EXERCISE DETAILS:
Below are records with pictures in them. Transcribe everything from the line containing "Elegant Halter Top" down to the line containing "2022下册二年级数学人教版 第七单元 万以内数的认识——趣味计算 趣味算式", exactly, and leave the pictures behind.

═══ SOURCE DATA

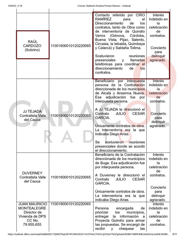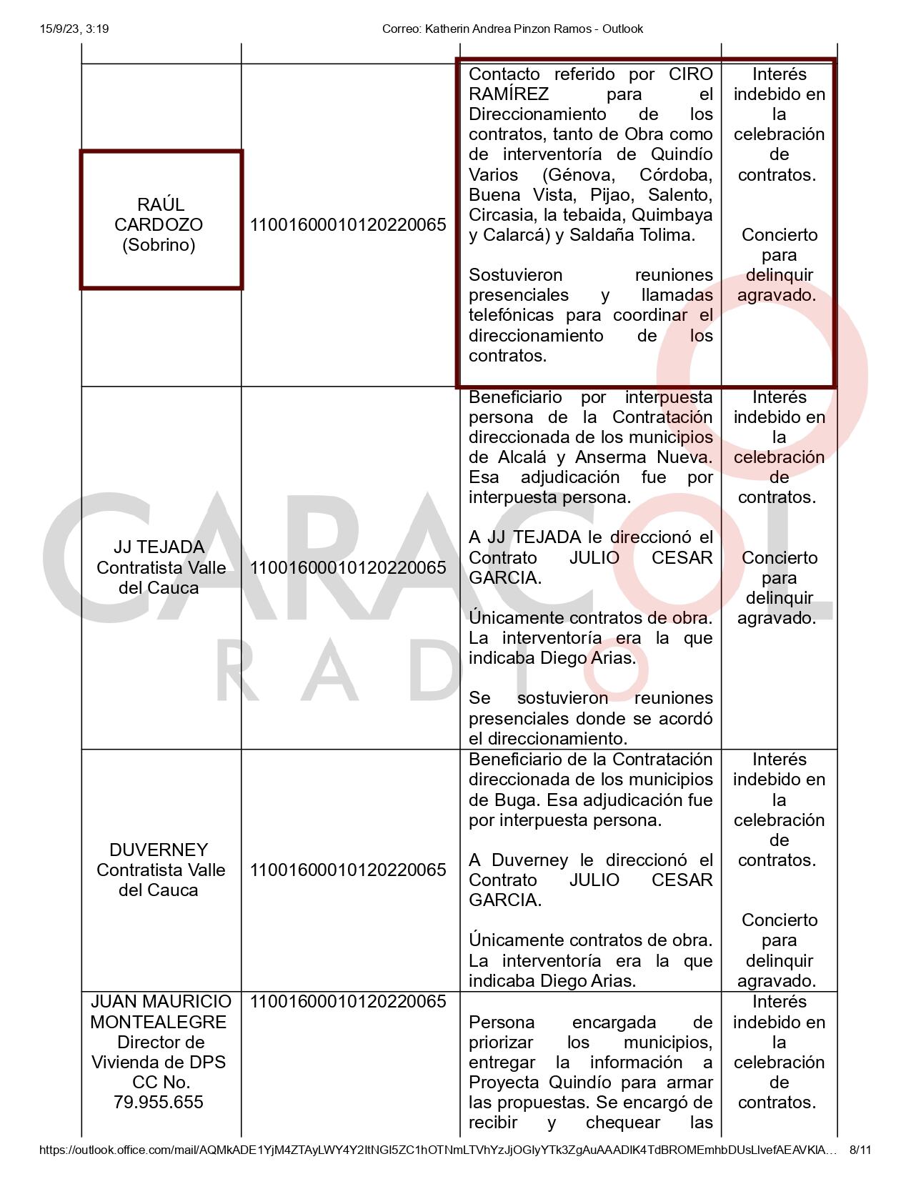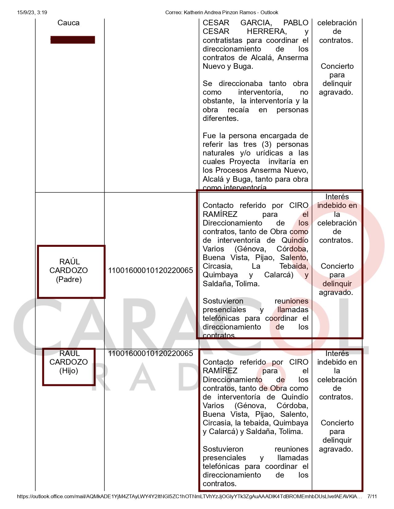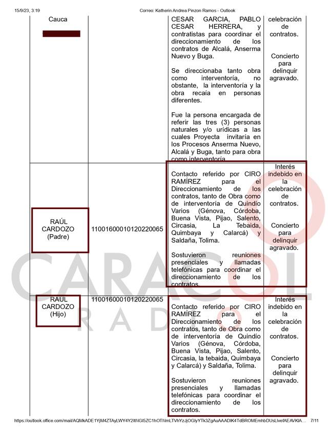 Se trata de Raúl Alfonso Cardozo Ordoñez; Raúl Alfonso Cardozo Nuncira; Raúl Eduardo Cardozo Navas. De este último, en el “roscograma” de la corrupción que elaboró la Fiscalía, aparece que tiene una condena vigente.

══════
═══ SOURCE DATA

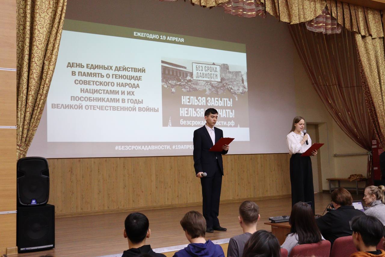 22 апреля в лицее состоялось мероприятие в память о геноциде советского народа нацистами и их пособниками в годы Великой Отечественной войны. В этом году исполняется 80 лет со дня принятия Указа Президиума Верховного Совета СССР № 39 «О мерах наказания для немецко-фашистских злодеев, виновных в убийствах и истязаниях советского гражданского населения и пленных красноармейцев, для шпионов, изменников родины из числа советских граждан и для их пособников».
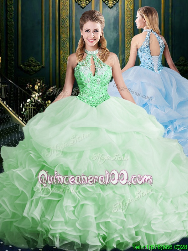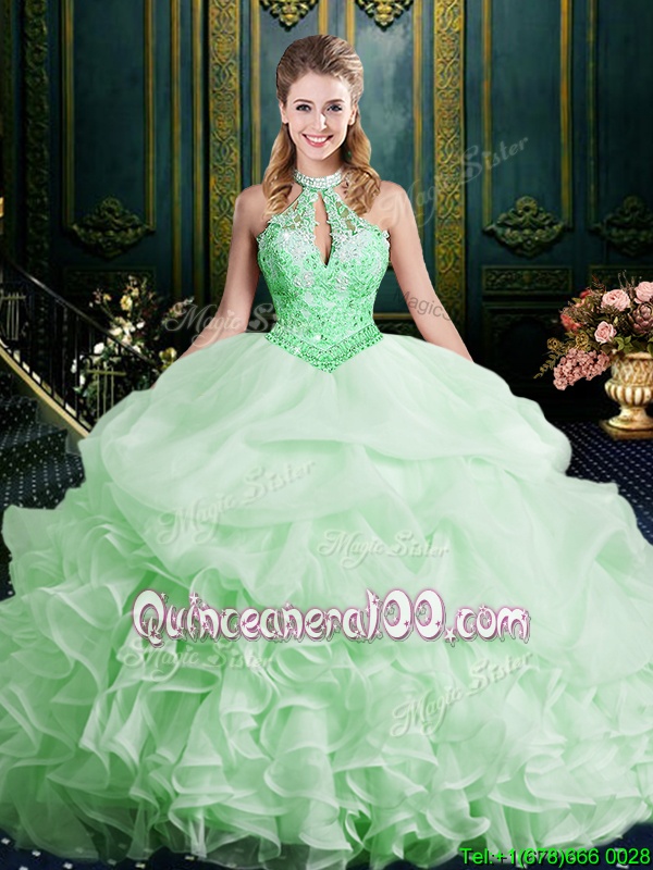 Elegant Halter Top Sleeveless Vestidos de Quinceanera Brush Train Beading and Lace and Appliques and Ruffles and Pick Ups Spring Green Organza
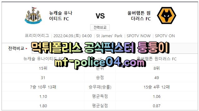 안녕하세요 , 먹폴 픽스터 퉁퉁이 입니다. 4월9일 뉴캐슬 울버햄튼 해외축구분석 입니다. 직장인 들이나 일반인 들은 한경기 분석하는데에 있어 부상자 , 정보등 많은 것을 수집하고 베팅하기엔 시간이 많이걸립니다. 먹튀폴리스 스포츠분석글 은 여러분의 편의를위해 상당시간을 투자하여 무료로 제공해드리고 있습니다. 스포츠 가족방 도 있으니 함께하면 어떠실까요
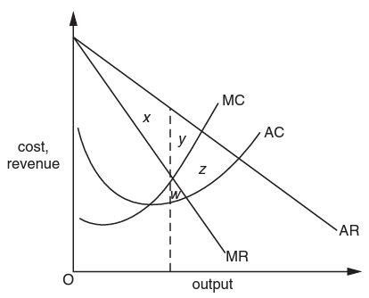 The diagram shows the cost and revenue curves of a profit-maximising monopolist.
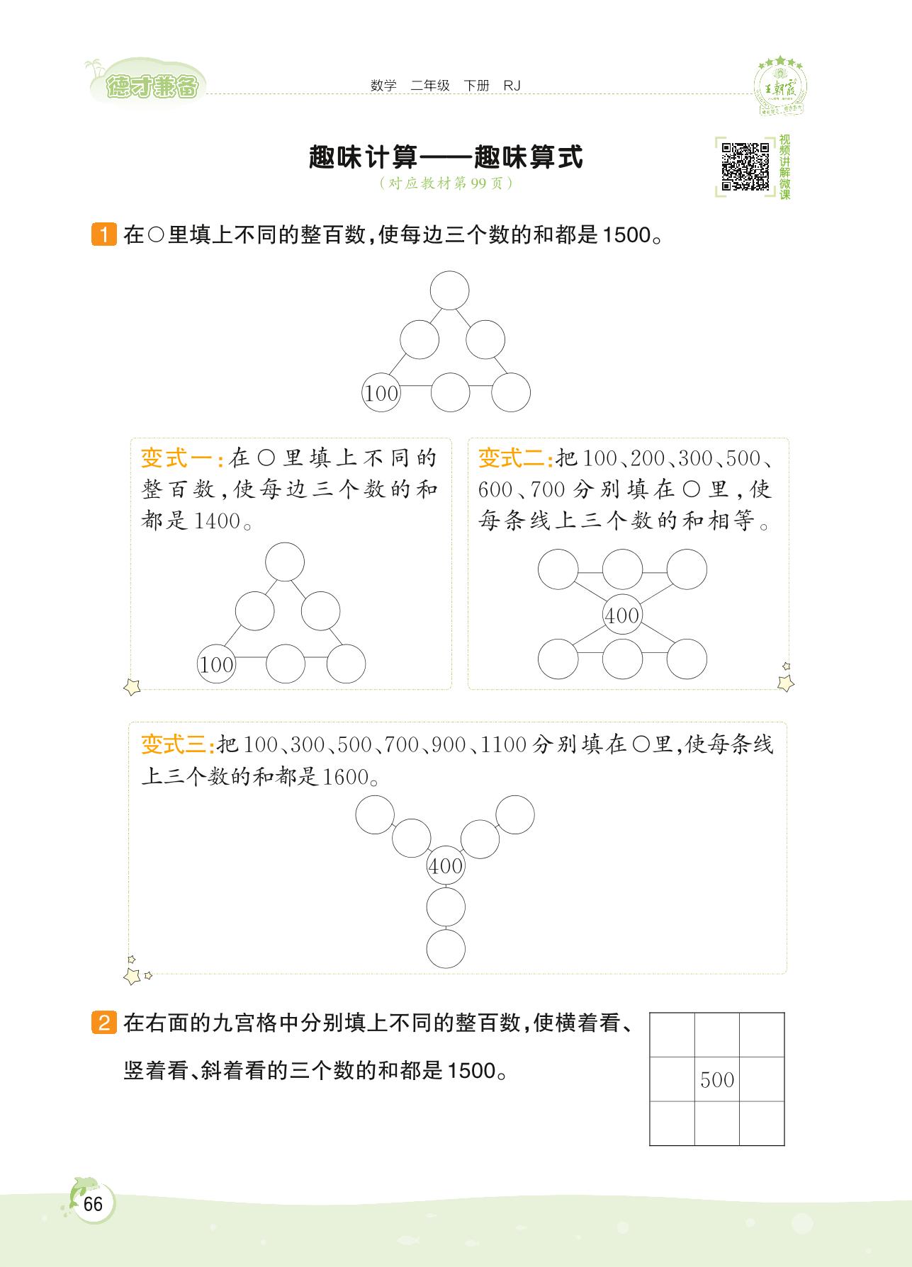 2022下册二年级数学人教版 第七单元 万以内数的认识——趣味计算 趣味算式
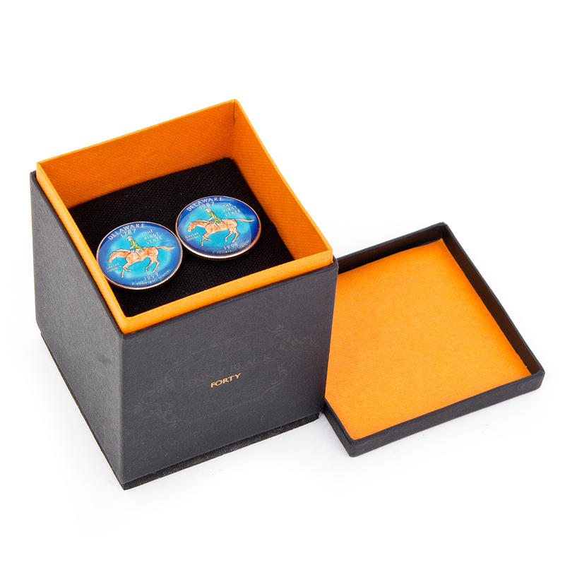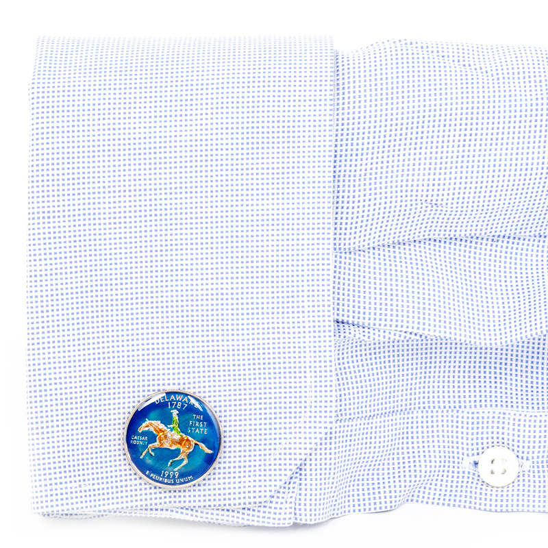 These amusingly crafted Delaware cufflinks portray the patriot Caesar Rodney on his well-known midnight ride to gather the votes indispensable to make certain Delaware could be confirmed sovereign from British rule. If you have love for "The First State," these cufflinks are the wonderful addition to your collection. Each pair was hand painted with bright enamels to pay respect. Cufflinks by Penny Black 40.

══════

RESPONSE:
 Elegant Halter Top Sleeveless Vestidos de Quinceanera Brush Train Beading and Lace and Appliques and Ruffles and Pick Ups Spring Green Organza
 안녕하세요 , 먹폴 픽스터 퉁퉁이 입니다. 4월9일 뉴캐슬 울버햄튼 해외축구분석 입니다. 직장인 들이나 일반인 들은 한경기 분석하는데에 있어 부상자 , 정보등 많은 것을 수집하고 베팅하기엔 시간이 많이걸립니다. 먹튀폴리스 스포츠분석글 은 여러분의 편의를위해 상당시간을 투자하여 무료로 제공해드리고 있습니다. 스포츠 가족방 도 있으니 함께하면 어떠실까요
 The diagram shows the cost and revenue curves of a profit-maximising monopolist.
 2022下册二年级数学人教版 第七单元 万以内数的认识——趣味计算 趣味算式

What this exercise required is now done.